Hey SAS Specialists,
Hope you folks are having a great weekend. I would appreciate if you can provide me the SAS Datastep or Proc SQL logic for the below requirement
I have a Dataset that has the column JOB_DESIGNATION as seen below, and I need logic to get the code column
JOB_DESIGNATION | CODE(i need this column in output) | ||
senior management | sm | ||
middle management | mm | ||
lower management | lm | ||
finance manager | fm | ||
sales manager | sm | ||
marketing manager | marmm | ||
strategy consultant | s.consult_temp | ||
communications manager | comm | ||
technical enginner | t.eng | ||
support engineer | t.support_eng | ||
logistics | LGS | ||
supply chain manager | scm | ||
brand manager | brm | ||
location manager | locm |
I thought of something like
do= i to _n_;
if job_desgnation= "&senior management" then code="&sm";
will this work? Anyway, the point is in every 3 months i.e quarter the job_designation and code values and numbers are subject to change respectively as our employees are constantly restructured and the need of the hour is to automate the report in a way to pull from the tables directly without having the need of a human intervention to give us an update.I hope that makes sense. I'd appreciate a great solution. Thanks
P.S The above is the sample, of course there are many more Job designations, which means it's fairly a big size dataset
You could keep the list of job designations and codes somewhere convenient and easy to edit and have SAS read and transform it into a character format.
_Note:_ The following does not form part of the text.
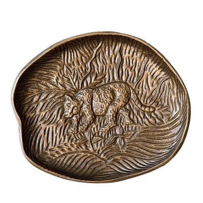 Artesà Oval Serving Platter, Rustic Embossed Metal Plate with Leopard Design, 24 x 21cm
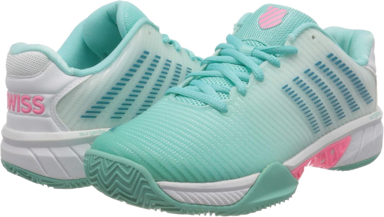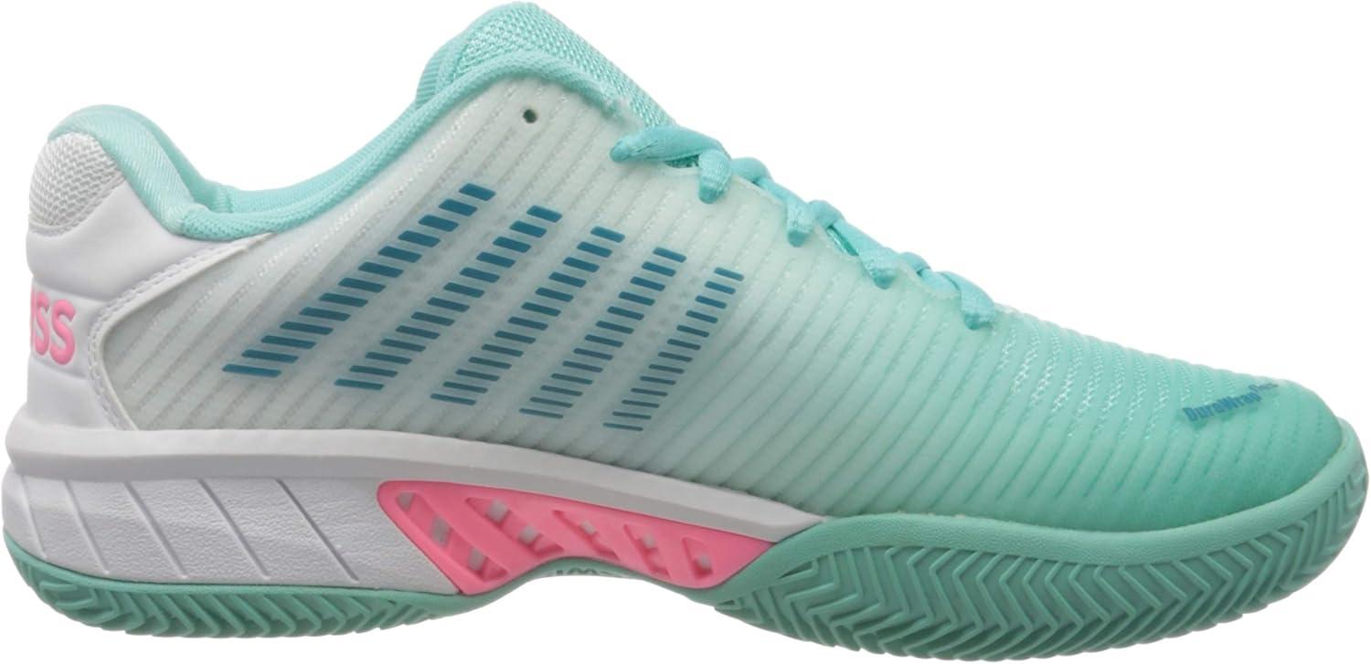 K-Swiss Women’s Hypercourt Express 2 HB – Clay Court Tennis Shoe(Blue (Aruba Blue/White/Soft Neon Pink 439))

This is how I would do it:
/* Read in the codes */
data codes;
length job $32 code $12;
input job & code;
datalines;
senior management sm
middle management mm
lower management lm
finance manager fm
sales manager sm
marketing manager marmm
strategy consultant s.consult_temp
communications manager comm
technical enginner t.eng
support engineer t.support_eng
logistics LGS
supply chain manager scm
brand manager brm
location manager locm
;
/* Create a format list. Character formats are case sensitive so generate low, upper and proper case versions of the job designations.
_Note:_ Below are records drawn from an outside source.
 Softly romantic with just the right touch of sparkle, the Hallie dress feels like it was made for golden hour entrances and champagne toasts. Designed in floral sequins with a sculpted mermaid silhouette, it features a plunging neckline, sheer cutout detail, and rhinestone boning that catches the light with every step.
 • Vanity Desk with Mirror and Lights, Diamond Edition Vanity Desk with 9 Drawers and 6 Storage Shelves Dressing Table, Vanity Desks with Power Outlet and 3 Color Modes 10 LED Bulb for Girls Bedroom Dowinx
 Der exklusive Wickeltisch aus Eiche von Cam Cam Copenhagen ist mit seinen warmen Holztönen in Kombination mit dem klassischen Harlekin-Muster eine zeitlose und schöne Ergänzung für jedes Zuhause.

Create a view instead of a dataset, since it is going to be used only once. */
data fmt / view=fmt;
set codes end=other;
fmtname = "jobCodes";
type = "C";
label = code;
start = lowcase(job);
output;
start = upcase(job);
output;
start = propcase(job);
output;
run;
/* Transform the list into a SAS character format */
proc format cntlin=fmt; run;
/* Test the format */
data test;
length title $32;
format title $jobCodes.;
title = "technical enginner";
run;
proc print; run;
PG
Hi PG sir,
Many thanks for the spontaneous response. I understand that in your 1st step that you are creating the dataset codes and then using that as an input file. Well, my input dataset only has the JOB_DESIGNATION column and the CODE column is actually the requirement in the output and is not a part of the input file. So bascially,looking up values of JOB_DESIGNATION such as senior management should generate the code for each JOB.
For example, if job_designation="senior management" then code=sm;
else if ........continues till eof.........../*as we all know multiple if then else statements will ridicule performance drastically and not a good practice*/ and also the values of JOB_DESIGNATION is not static as they may change.For instance in this release, it is senior management and going forward(3 months later) that may change to "Top management" or "Higher management" or anything of your educated guess.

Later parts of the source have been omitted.